I have been trying to find out more about Millicent Rose, an art historian who published one of the first and best histories of the east end, which describes its origins as a series of different villages and neighbourhoods before it was a home to successive waves of migrants and the classic home of slums and poverty. The book was published by Cresset Press in 1951 and has never been reprinted. It turns out that she was the daughter of a general in the Indian army, born in 1913, went to Newnham College, Cambridge and attended the Courtauld Institute in the mid-1930s. A Marxist and mistress of Francis Klingender, a lecturer in sociology at the University of Hull, she apparently used to heckle Herbert Read when he gave talks at the ICA.
Don’t know this book at all but have just enjoyed reading a less than positive Spectator review of it from 1951 http://archive.spectator.co.uk/article/14th-december-1951/24/good-east-bad-west The reviewer is Robert Sinclair author of the East London volume of the County Books series. Haven’t seen that book either, although we do have a copy of Walter Greenwood’s contribution to the series, on Lancashire.

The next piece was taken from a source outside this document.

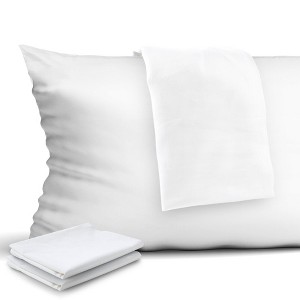 Protect your pillows with our 4-Pack of Zippered Pillow Protectors. Made from premium 400 thread count 100% cotton in a sateen weave, these pillowcases offer a soft and luxurious feel. They are not only breathable but also provide reliable strength for a neat appearance. With a pore size of just 3-4 microns and a tight weave, these pillow protectors offer ultimate protection, breathability, and comfort. The invisible zipper and fully zipped enclosure ensure full coverage and protection from all ends. These pillowcases are easy to care for, resisting shrinkage and maintaining pore size through repeated laundering. Each set includes 4 pillowcases in your choice of Standard, Queen, or King sizes. Sleep comfortably and protect your pillows with our high-quality zippered pillow protectors.

Yes, I read that review too. Very hostile to the fact that she has a possibly over-romanticised view of the east end.
When I read Millicent Rose’s introduction to Coleridge’s The Rime of the Ancient Mariner illustrated by Gustave Doré, I was so taken with the sophistication of her prose, the brilliance of her artistic insights and the uncontaminated quality of her English that I was determined to find out who she was, so I am indebted to you for this information.